La revolución en México cumple una función cero en el lenguaje político. El partido que monopolizó el poder en el siglo XX habló de la revolución institucionalizada y el que lo desafió, prefirió hablar de revolución democrática. Había incluso un auténtico (PARM) que resaltaba lo impúdico del término. Ahora, el gobierno de López Obrador ha pasado de la categoría de la transformación a la revolución porque —dice él— se van a cambiar las raíces de la forma de hacer política. El término es engañoso porque, como bien apunta Pierre Rosanvallon en su monumental historia intelectual y política, la revolución, como término, puede entenderse de tres maneras: la primera, como un acontecimiento imprevisible a múltiples actores que, diseminados, de pronto aparecen con la fuerza de una avalancha y se percatan de su propia fuerza. Tal vez 1968 encaje en esta definición pues abre el horizonte de lo que era pensable. Las revoluciones del este de Europa entran claramente dentro de esta categoría.

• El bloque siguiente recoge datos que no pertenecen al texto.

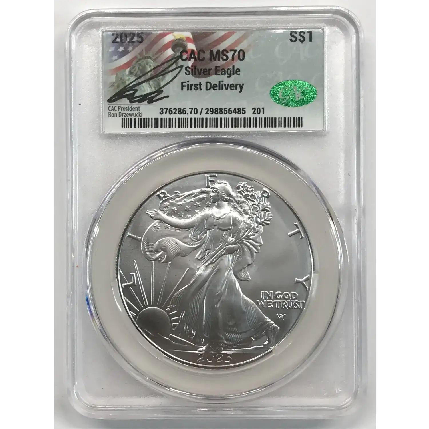 2025 Silver Eagle CAC Grading (CACG) MS 70 First Delivery - Ron Drzewucki Signature Label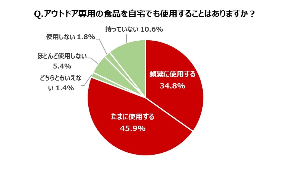 2021年に一度もキャンプへ行かなかった16.4%の人に同様の質問をしたところ、半数が「アウトドア専用調味料を自宅で使用する」と回答しました。このことから、キャンプ飯が、キャンプを体験したことがない人にも注目されており、アウトドアのインドア化の流れがより強い傾向として表れていると言えそうです。

El término revolución habla también de ruptura, de una subversión calculada de las instituciones, de un cambio por la vía violenta de la forma en que se ejerce el poder. Es la revolución/estrategia que tiene sus vanguardias que elaboran planes y su jefe determina el curso de los acontecimientos porque él tiene el contacto con las masas. Finalmente está la revolución/civilización, aquella que rompe en profundidad los modos de organización y representación del mundo; es decir, aquella que tiene un impacto cultural y civilizatorio en nuestras vidas y que transforma para siempre la forma en que nos relacionamos con nosotros mismos y con el gobierno.

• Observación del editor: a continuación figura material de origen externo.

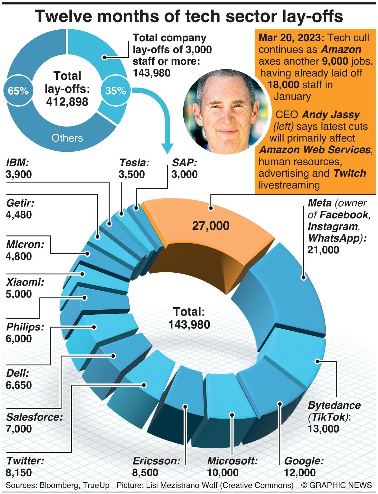 Amazon is to make another 9,000 workers redundant on top of the 18,000 staff it laid off two months ago – taking the number of tech sector job losses in the past 12 months to more than 400,000, according to the TrueUp tech lay-off tracker.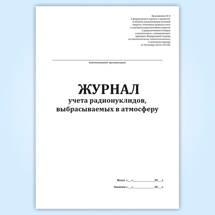 Журнал учета радионуклидов, выбрасываемых в атмосферу в Альметьевске купить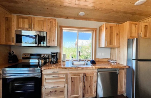 Island Overlook #2 is centered between the three identical cabins perched on a cleared hillside overlooking Lake Superior and the Apostle Islands. Panoramic views and natural light galore create a unique Bayfield vacation location that you won't soon forget. Open concept living space with a sleeper sofa and Roku TV, fully-stocked kitchen, large bathroom, and private queen bedroom with all of the modern amenities you desire!

No parece que la Cuarta Transformación tenga una propuesta cultural renovada. La capacidad transformadora de la elección del 2018 se va agotando con la acumulación de contradicciones que el gobierno acopia en su propio ejercicio. Ya no sabemos si lo que quiere es la concordia con el sector privado o la confrontación. En estos días ha dado todos los bandazos que un gobierno puede dar, golpeando a las empresas eléctricas y abanderando a ICA.

Lo que está claro es que, aunque se empeña en tener un lenguaje revolucionario, este gobierno carece de la energía intelectual para plantear una transformación civilizatoria. Ni sus textos fundacionales (el PND) ni su actuación lo sugieren. No es un gobierno que proponga nuevas ideas y cada vez que es desafiado intelectualmente prefiere refugiarse en la descalificación o en la conjura para eludir el debate. Mientras sus intelectuales no se atrevan a discutir que la economía moral, por ejemplo, es un texto al que se le ven las costuras y no posee muchos elementos innovadores, no hay material para formular un nuevo paradigma. El de AMLO es un estilo de gobierno diferente (que se agradece por su austeridad) pero no un cambio de paradigma.

Me temo que la revolución que plantea la 4T es la misma que el resto de los gobiernos que, salvo los dos de la derecha, todos enarbolaron la bandera de la Revolución para que todo siga igual, salvo el estilo personal de gobernar.